Declaro aberta a temporada 2014 de música de concerto no Rio de Janeiro! Ou melhor, declaro a minha felicidade e satisfação ao testemunhar o retorno das grandes orquestras do Rio ao palco do Theatro Municipal.

Foi com grande penar que faltei à estréia da OSTM no dia 14 de março com uma interpretação da Nona Sinfonia de Beethoven que foi considerada uma verdadeira obra de arte. Creio que a maior prova que a performance dos músicos e cantores do coro do Theatro foi memorável é o contento dos próprios artistas que costumam ser eles mesmos seus mais severos críticos. Até o maestro recebeu elogios então o negócio deve ter sido realmente muito bom.

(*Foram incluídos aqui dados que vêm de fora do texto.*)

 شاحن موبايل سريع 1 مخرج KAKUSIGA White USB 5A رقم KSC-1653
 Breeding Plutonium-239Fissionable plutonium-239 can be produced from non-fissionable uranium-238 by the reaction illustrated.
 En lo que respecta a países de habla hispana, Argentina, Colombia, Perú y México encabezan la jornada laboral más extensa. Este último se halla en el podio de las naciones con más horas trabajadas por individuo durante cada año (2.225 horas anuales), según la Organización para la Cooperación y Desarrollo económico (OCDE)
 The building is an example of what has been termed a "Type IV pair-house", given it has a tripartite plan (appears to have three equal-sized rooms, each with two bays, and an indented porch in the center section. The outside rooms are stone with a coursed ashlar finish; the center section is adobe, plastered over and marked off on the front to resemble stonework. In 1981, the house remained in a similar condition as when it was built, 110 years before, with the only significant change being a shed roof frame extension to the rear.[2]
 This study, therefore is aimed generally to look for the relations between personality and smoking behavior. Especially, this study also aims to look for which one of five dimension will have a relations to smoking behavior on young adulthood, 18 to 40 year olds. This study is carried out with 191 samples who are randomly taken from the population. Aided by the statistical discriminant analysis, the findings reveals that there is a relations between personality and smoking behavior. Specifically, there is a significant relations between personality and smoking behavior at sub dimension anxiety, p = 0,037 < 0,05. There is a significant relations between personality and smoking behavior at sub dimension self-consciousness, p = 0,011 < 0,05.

Já a estréia da OPES, eu pude assistir com meus próprios ouvidos a um programa delicioso onde constava a Bachiana no.9 do Villa-Lobos, o Concerto para piano no. 1 e a Sinfonia no. 5 do Tchaikovsky. Sinto dizer que nosso querido Villa ficou ofuscado pelo brilho do russo mas a noite foi marcada por interpretações brilhantes! O pianista convidado Saleem Ashkar impressionou pela clareza, a delicadeza e o sentimento que transmitia a cada nota que produziu (e olha que foram milhares). Espero que ele volte logo para tocar o Beethoven que ele acaba de gravar (fica a dica). A orquestra respondeu à altura com o seu time de titulares absolutos do jeitinho que a gente gosta.

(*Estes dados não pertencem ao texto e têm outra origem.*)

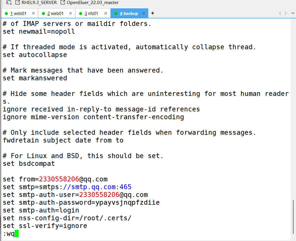7、安装邮件服务、配置qq邮箱、ssl证书配置邮件服务(用自己的QQ号,还有自己的效验码)跟着我的步骤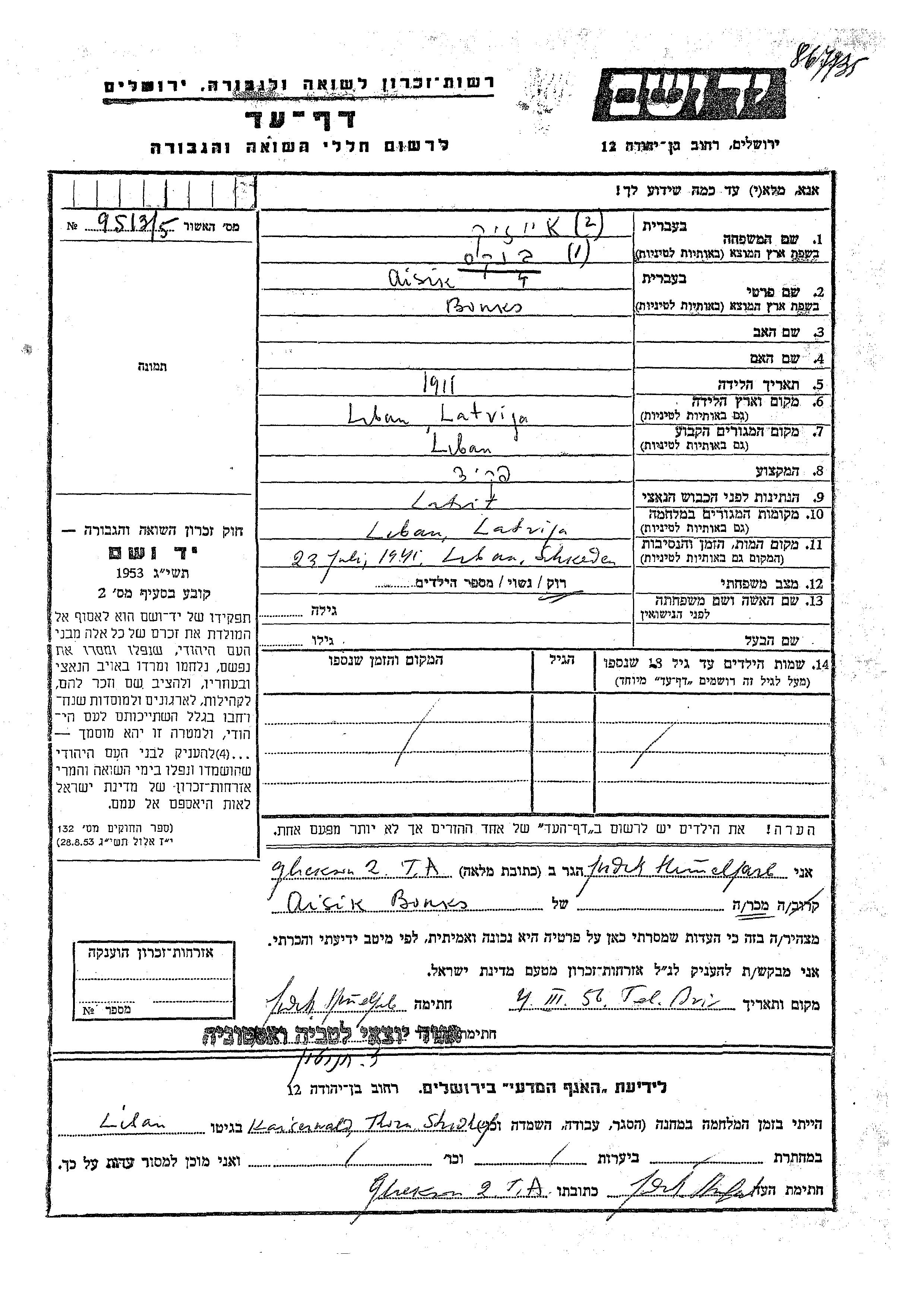 Aisik wurde in der Schoah ermordet. Todesort: Libau, Lettland im Jahr 23/07/1941.

Eu não costumo citar nomes de integrantes da orquestra porque acho uma injustiça mas desta vez vou abrir uma exceção. O segundo movimento da sinfonia me levou às nuvens com a contribuição de solos de um quinteto dos sonhos, o meu "Dream Team" dos sopros: Philip Doyle (trompa), Carlos Prazeres (oboé), Marcelo Bomfim (flauta), Elione Medeiros (fagote) e Cristiano Alves (clarineta). Foi um prazer e um privilégio escutar a "conversa" desses craques numa prosa elegante, leve e sutil, daquelas que a gente suspende a respiração pra não correr o risco de atrapalhar.

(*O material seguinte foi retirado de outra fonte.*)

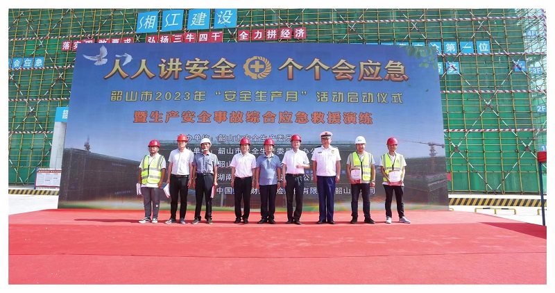 5月29日,韶山市2023年“安全生產(chǎn)月”活動(dòng)啟動(dòng)儀式暨生產(chǎn)安全事故綜合應(yīng)急救援演練活動(dòng)在湘江公司韶山紅色培訓(xùn)教育基地一期工程項(xiàng)目工地舉行。韶山市人民政府常務(wù)副市長(zhǎng)、韶山市安委會(huì)副主任賀樹峰、韶山市消..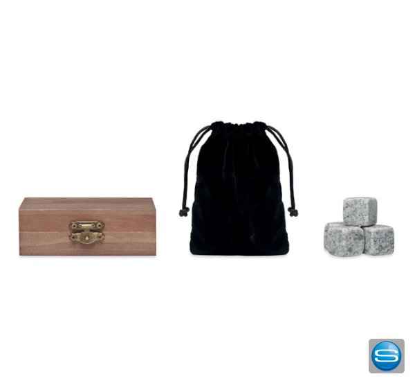 | Material: | Kiefernholzbox, Eiswürfel aus Stein, Samtbeutel |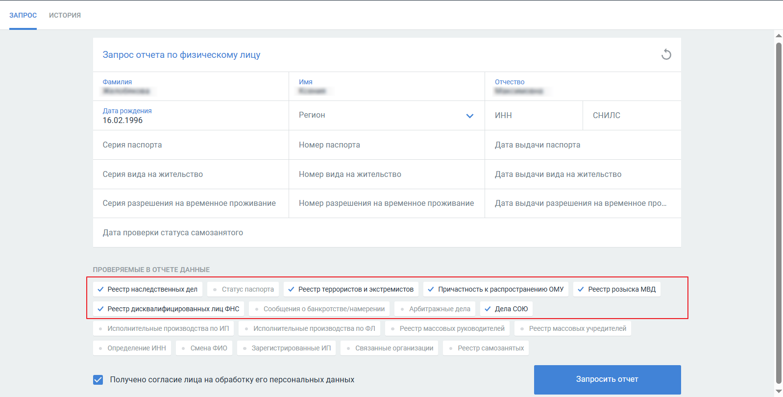 - Установите флаг Получено согласие лица на обработку его персональных данных.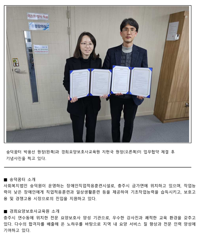 발달장애인 요양보호사 양성 업무협약 체결 - 숭덕꿈터와 경희요양보호사교육원 보도자료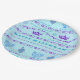 Here's a fun paper plate for your Hanukkah parties, with hanukkias [menorahs], Star of David motifs, crowns and driedels, and the famous "V'al ha Nissim" in Hebrew, with the other Hanukkah standard "Maoz Tzur" in transliteration. In a variety of oh so Jewish blues and purples, this fun paper will spice up your holiday parties.

Além das grandes produções do Theatro, merece registro os esforços de outros grupos que mantêm a cena musical do Rio de Janeiro viva e diversa, muitas vezes sem apoio ou divulgação suficientes. Nesta semana a Cia. Bachiana Brasileira encenou a lindíssima e melodiosa opera Cavalleria Rusticana de Mascagni. Os diretores souberam usar a criatividade no aproveitamento do espaço (bem restrito para orquestra e coro) e contaram com boas interpretações dos músicos da camerata (especialmente flauta, oboé, contrabaixo e primeiro violino) e dos cantores. O ponto alto foi a cena da missa da Páscoa onde o coro interpreta as preces do vilarejo. Emocionou! Bravi tutti!

Em tempo, estou aguardando ver como vai ficar essa junção das orquestras da FOSB para poder me programar... E vamos em frente 2014 pois tem mais coisa por vir!